The diagnosis came back: an 11.5cm tumour. Cancer. The doctors didn't tell him the survival odds at the time. They told him later, when he'd recovered enough to handle the number. Five percent.

He spent six months in hospital. Lost eight stone. Faced complications that nearly killed him several times over. The odds said he was supposed to die at 28. He didn't. He came home, rebuilt, and rode across America. The Race Across America — three thousand miles, west coast to east, almost no sleep, three mountain ranges. He finished.

This piece is about how. Because the logic he used to come back from a cancer diagnosis is the same logic any rider can use to come back from anything. Injury. Illness. Divorce. Burnout. The kid being born. A bad year at work. The mechanism doesn't care what put you on the floor. It cares what you do to get up.

The "smallest possible next step" frame

The most useful thing Golding said in the conversation.

His first comeback goal wasn't cycling. It wasn't fitness. It wasn't even leaving the house. His first goal was walking to the bathroom without help.

That was the unit. Not a marathon. Not a metric century. Not a return to form. Just the next ten metres of corridor, on his feet, no hand on the wall.
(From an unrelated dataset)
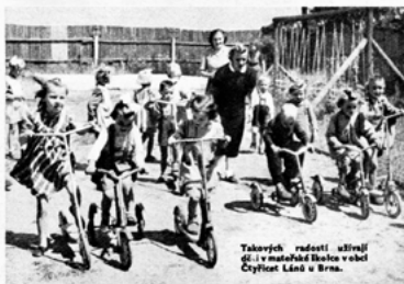
Takovýk radostí užijtej děi v mateřské školce velet Čtyřlístek Láni v Brně.

Pročpak mne, maminko, bereš s sebou, když jdu pracovat do chléva nebo na pole? Proč mne necháš hrát si na silnici nebo na dvorku? Proč mne své fuje dozoru starší sestřičce? Věš, kolik rostežáků na moje žlába ve chlévě, na poli, na silnici? Vždyť ty, která po řadu let pracuješ v zemědělství, jsi dobře pozna, jak snadno může dospělý člověk i při největší opatrnosti přijít k úrazu nebo onemocněti. Co potom já - náramně zvlášť malý člověček, který rád na všechno sáhne, všechno dá do pusy! Copak bys řekla tatínkovi, kdyby nechtěl vstít mladý kluk bez oděvu, bez pokrývky hlavy, že je špatný hospodář, víd! A já jsem také takový mladý stroemek, který potřebuje mnoho péče, mnoho opatrování a pořádný důstoj!

Once that goal was achievable, the goal moved. Walking to the kitchen. Walking outside. Walking around the block. Pedalling on a stationary bike for two minutes. Five minutes. Twenty. A short loop on the bike. A long loop. A weekend ride. A multi-day tour. The Race Across America.

There was nothing flashy about any individual step. Nothing he did on day three of his comeback would have looked like progress to an outsider. The compounding is what mattered. Each step expanded the universe of what was possible the next day. Years of compounding produced a 3,000-mile result.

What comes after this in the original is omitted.